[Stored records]
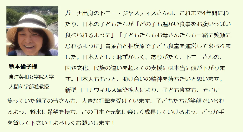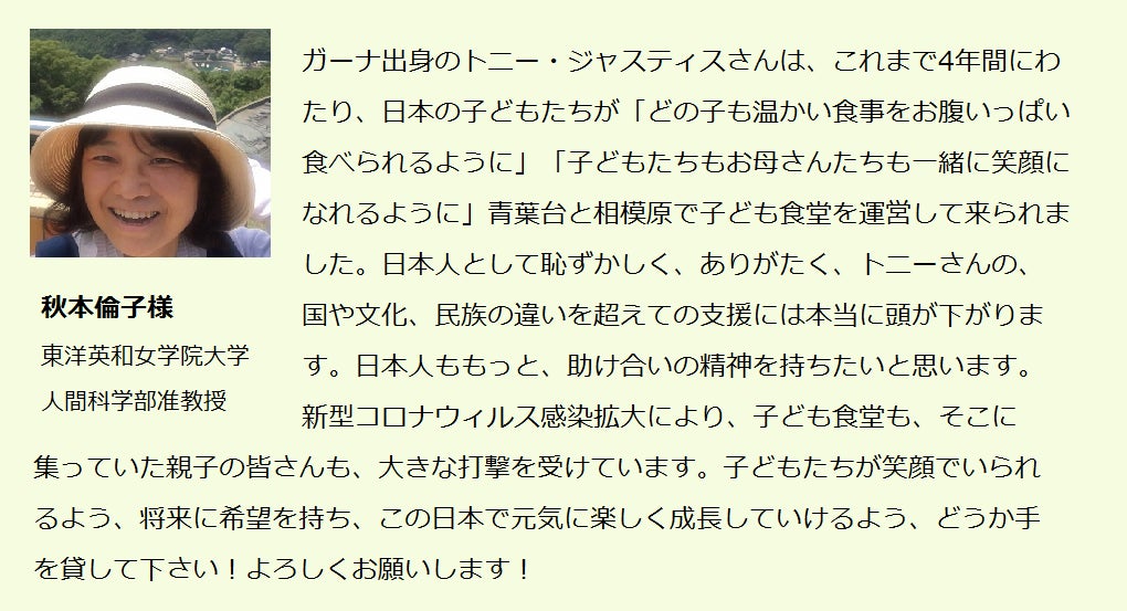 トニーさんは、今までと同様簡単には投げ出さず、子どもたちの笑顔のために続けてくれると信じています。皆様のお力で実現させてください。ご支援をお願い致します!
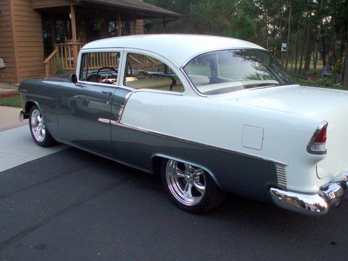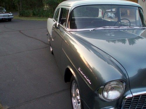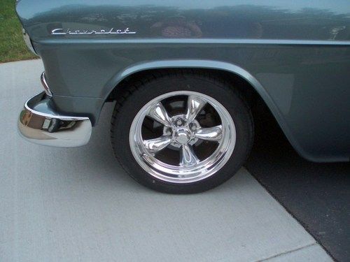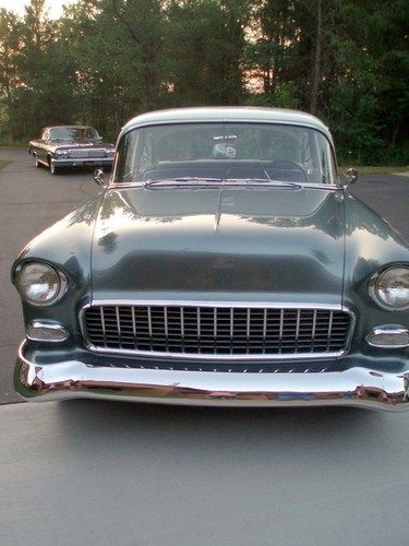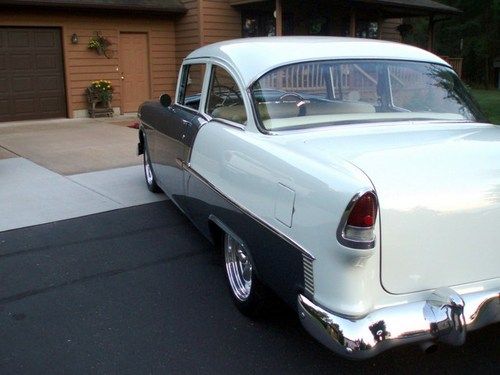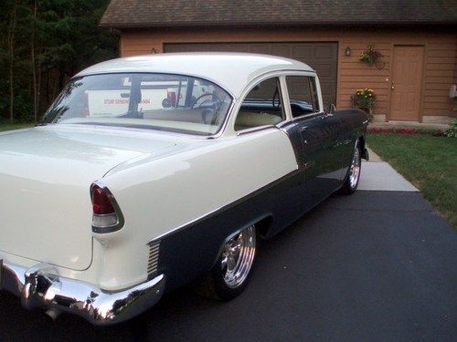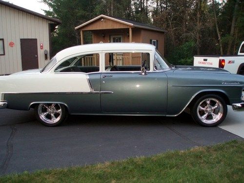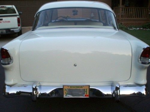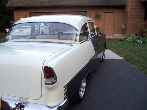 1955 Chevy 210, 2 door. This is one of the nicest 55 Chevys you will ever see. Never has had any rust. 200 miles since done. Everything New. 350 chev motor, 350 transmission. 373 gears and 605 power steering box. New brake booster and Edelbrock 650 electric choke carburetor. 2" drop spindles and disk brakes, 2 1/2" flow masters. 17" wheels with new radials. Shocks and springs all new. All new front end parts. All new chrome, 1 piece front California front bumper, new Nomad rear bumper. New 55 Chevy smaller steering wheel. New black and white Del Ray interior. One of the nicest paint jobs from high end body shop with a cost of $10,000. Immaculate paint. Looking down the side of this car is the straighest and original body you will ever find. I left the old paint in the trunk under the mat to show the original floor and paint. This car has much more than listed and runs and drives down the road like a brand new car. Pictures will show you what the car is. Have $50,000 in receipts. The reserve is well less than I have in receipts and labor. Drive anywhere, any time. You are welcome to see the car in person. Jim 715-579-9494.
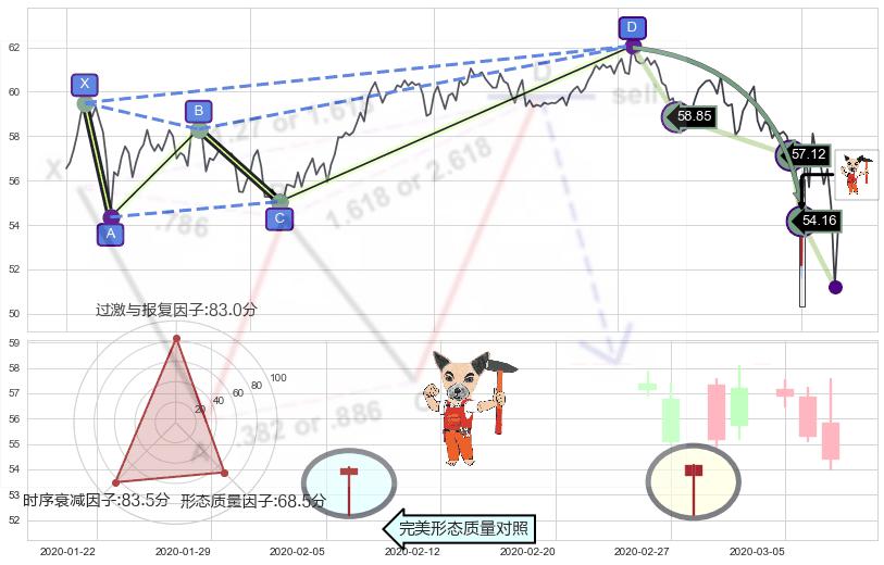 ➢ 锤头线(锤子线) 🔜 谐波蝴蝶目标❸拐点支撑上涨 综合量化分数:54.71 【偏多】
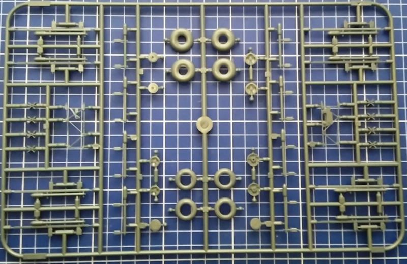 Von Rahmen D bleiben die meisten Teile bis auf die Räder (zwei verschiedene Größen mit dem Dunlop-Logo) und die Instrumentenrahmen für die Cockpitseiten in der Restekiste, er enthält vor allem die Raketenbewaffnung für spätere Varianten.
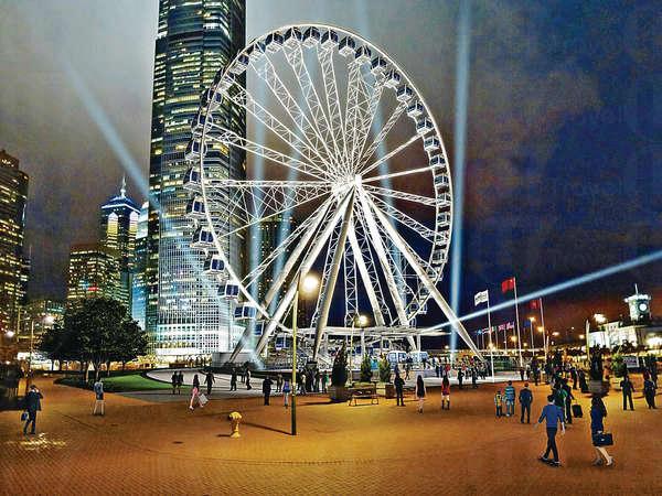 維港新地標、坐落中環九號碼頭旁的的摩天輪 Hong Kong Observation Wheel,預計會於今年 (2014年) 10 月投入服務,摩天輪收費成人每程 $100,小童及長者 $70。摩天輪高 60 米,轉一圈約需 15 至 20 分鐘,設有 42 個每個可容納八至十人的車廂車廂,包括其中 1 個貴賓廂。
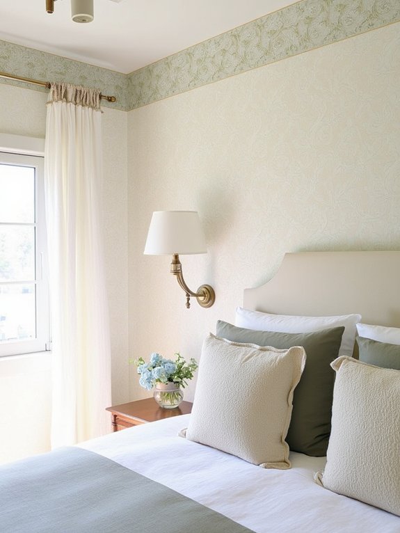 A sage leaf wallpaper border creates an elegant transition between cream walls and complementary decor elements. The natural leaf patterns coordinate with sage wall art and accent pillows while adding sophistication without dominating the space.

AIM OF THE TASK: Output exactly the lines above, beginning at the one with "Von Rahmen D" and stopping after the one with "維港新地標、坐落中環九號碼頭旁的的摩天輪 Hong Kong". Pictures are to be omitted.

ANSWER SPACE:
 Von Rahmen D bleiben die meisten Teile bis auf die Räder (zwei verschiedene Größen mit dem Dunlop-Logo) und die Instrumentenrahmen für die Cockpitseiten in der Restekiste, er enthält vor allem die Raketenbewaffnung für spätere Varianten.
 維港新地標、坐落中環九號碼頭旁的的摩天輪 Hong Kong Observation Wheel,預計會於今年 (2014年) 10 月投入服務,摩天輪收費成人每程 $100,小童及長者 $70。摩天輪高 60 米,轉一圈約需 15 至 20 分鐘,設有 42 個每個可容納八至十人的車廂車廂,包括其中 1 個貴賓廂。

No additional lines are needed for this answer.